▶ YOUR INSTRUCTIONS: Pictures aside, the output must consist of the lines from the one containing "За литургией Предстоятелю" through the end of the data, reproduced exactly.

Collected data entries
-- -- --

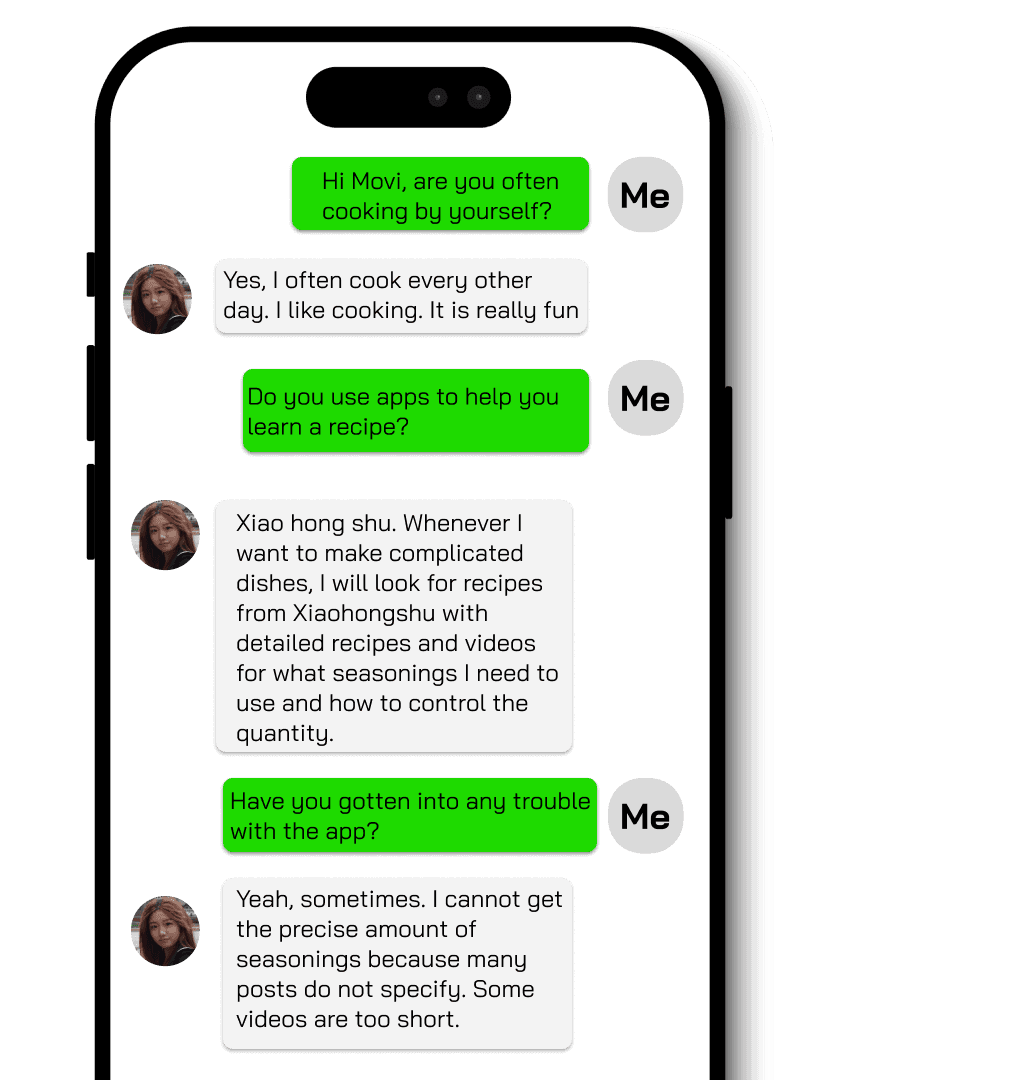 As an international college student, I often need to make dishes on my own. However, after trying several different apps for recipe references, I found it hard to catch up with the video tutorials, and sometimes the instructions are too vague. For instance, the tutorial does not specify the ingredients for the dish, which makes me hard to get the correct ingredients accordingly. Therefore, I start to question myself, am I the only one who encounter such problems? With the idea in mind, I created a survey and sent it out to other students on campus and hope to gather some responses. Meanwhile, I was also thinking about how can those problems be solved.
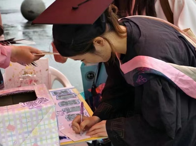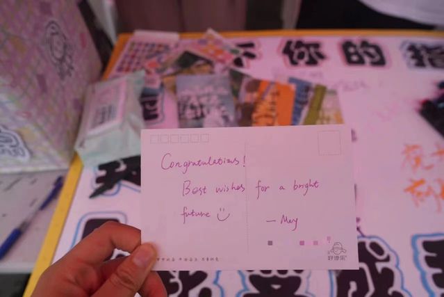 学弟学妹们也主动地参与到了活动中,用真诚的笔触,在明信片上写下对毕业生们的诚挚祝福。祝愿他们在未来的道路上,一帆风顺,前程似锦。同时,他们有的还在明信片上画了一些具有代表性的小插图,例如学士服和学士帽,让毕业生们在抽到后,过上一段日子再一次拿起它时,还能浮现出对于毕业季清晰的记忆,也为此次活动注入了更多的青春活力。
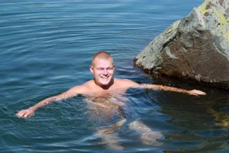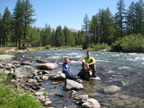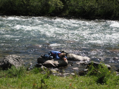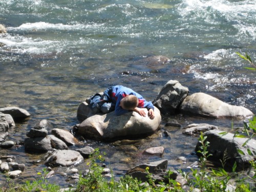 Вечер был теплый, ни облачка ни ветерка, а вот ночью был страшный холод от реки. Как только утром солнышком прогрело камни, сын побежал досыпать и греться на них пока мы с женой сворачивали лагерь ))))
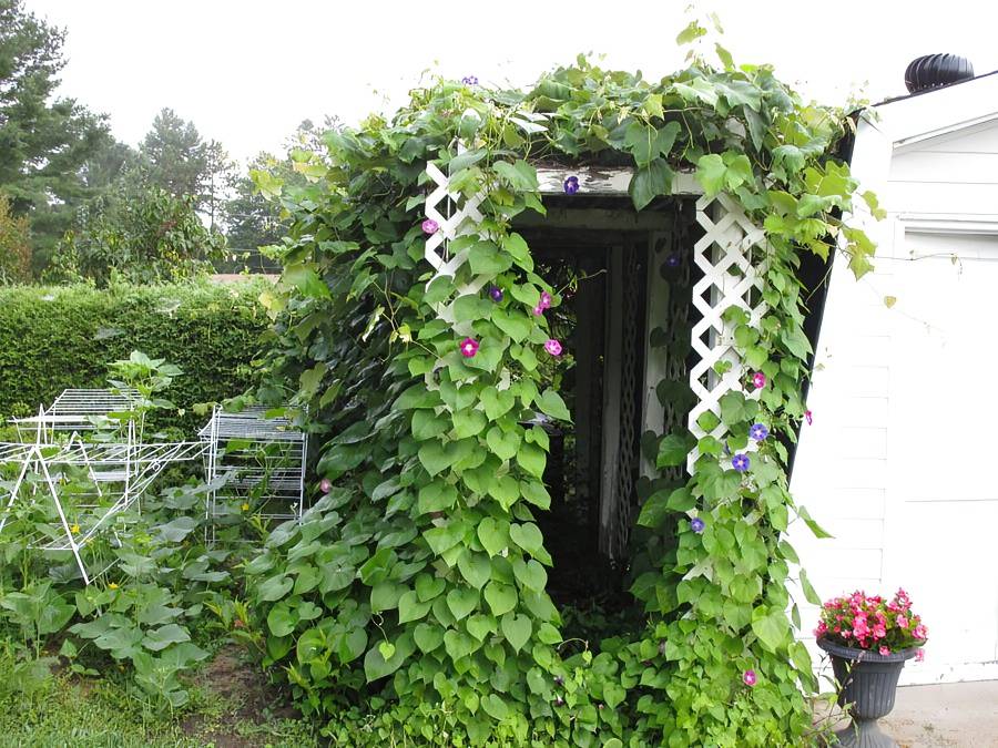 Летом пустите по шпалерам вьющиеся декоративные растения, либо, совместив полезное с приятным, обвейте их горохом или фасолью.
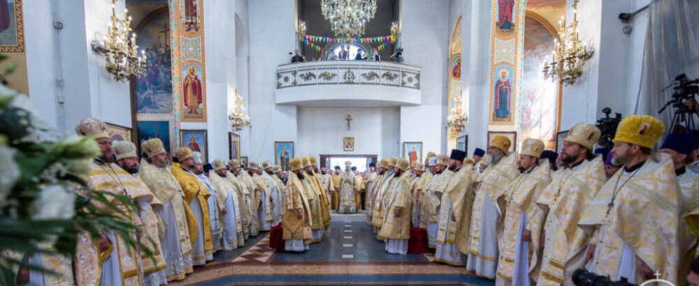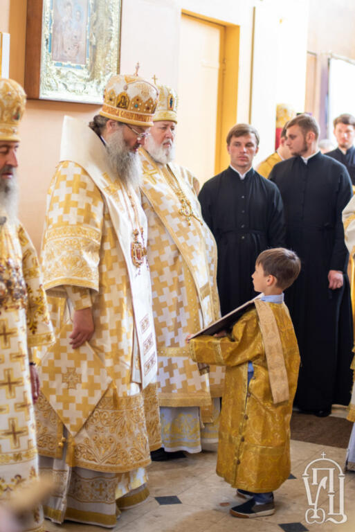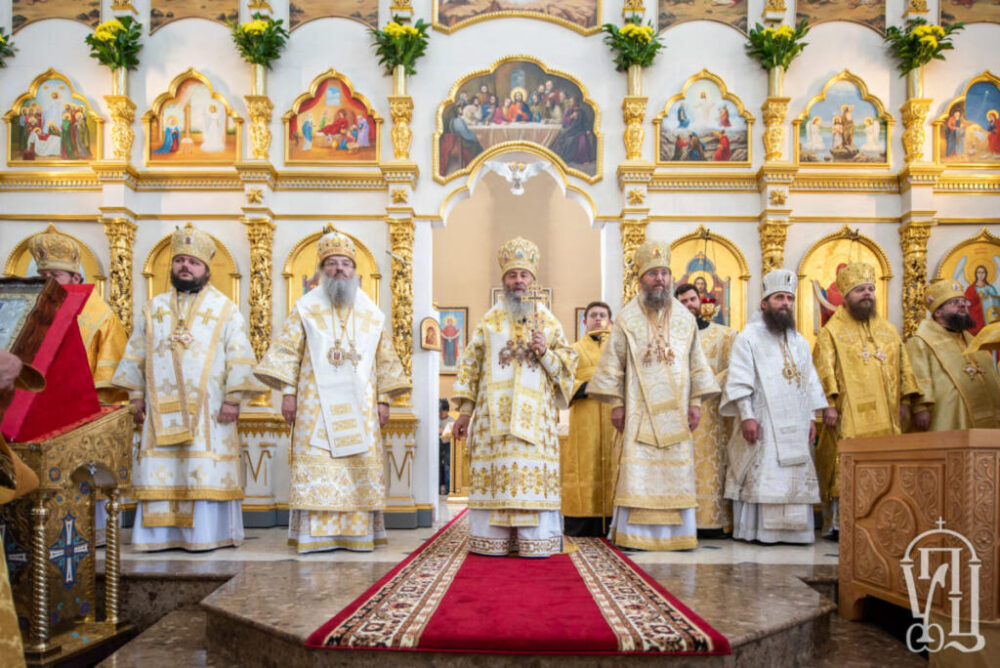 За литургией Предстоятелю сослужили 13 иерархов: управляющий делами УПЦ митрополит Бориспольский и Броварской Антоний, митрополит Запорожский и Мелитопольский Лука, митрополит Святогорский Арсений, митрополит Изюмский и Купянский Елисей, архиепископ Городницкий Александр, архиепископ Путивльский Антоний, архиепископ Бердянский и Приморский Ефрем, архиепископ Арцизский Виктор, епископ Барышевский Виктор, епископ Белогородский Сильвестр, епископ Угольский Симеон, епископ Ирпенский Лавр, епископ Бородянский Марк, а также духовенство собора.
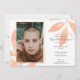 Simple y con clase, este diseño floral elegante es la de manera perfecta de honrar salido recientemente durante una celebración del alumerzo o de la cena del servicio de la vida. Características oro y hojas de la acuarela del melocotón y un marco del oro alrededor de la plantilla de la imagen del salido recientemente en el frente. Toda la tipografía gris y blanca se puede cambiar para caber sus detalles conmemorativos. Substituya la plantilla de la foto por su propio color o blanco y negro para modificar para requisitos particulares.

-- -- --

▶ RESULT:
 За литургией Предстоятелю сослужили 13 иерархов: управляющий делами УПЦ митрополит Бориспольский и Броварской Антоний, митрополит Запорожский и Мелитопольский Лука, митрополит Святогорский Арсений, митрополит Изюмский и Купянский Елисей, архиепископ Городницкий Александр, архиепископ Путивльский Антоний, архиепископ Бердянский и Приморский Ефрем, архиепископ Арцизский Виктор, епископ Барышевский Виктор, епископ Белогородский Сильвестр, епископ Угольский Симеон, епископ Ирпенский Лавр, епископ Бородянский Марк, а также духовенство собора.
 Simple y con clase, este diseño floral elegante es la de manera perfecta de honrar salido recientemente durante una celebración del alumerzo o de la cena del servicio de la vida. Características oro y hojas de la acuarela del melocotón y un marco del oro alrededor de la plantilla de la imagen del salido recientemente en el frente. Toda la tipografía gris y blanca se puede cambiar para caber sus detalles conmemorativos. Substituya la plantilla de la foto por su propio color o blanco y negro para modificar para requisitos particulares.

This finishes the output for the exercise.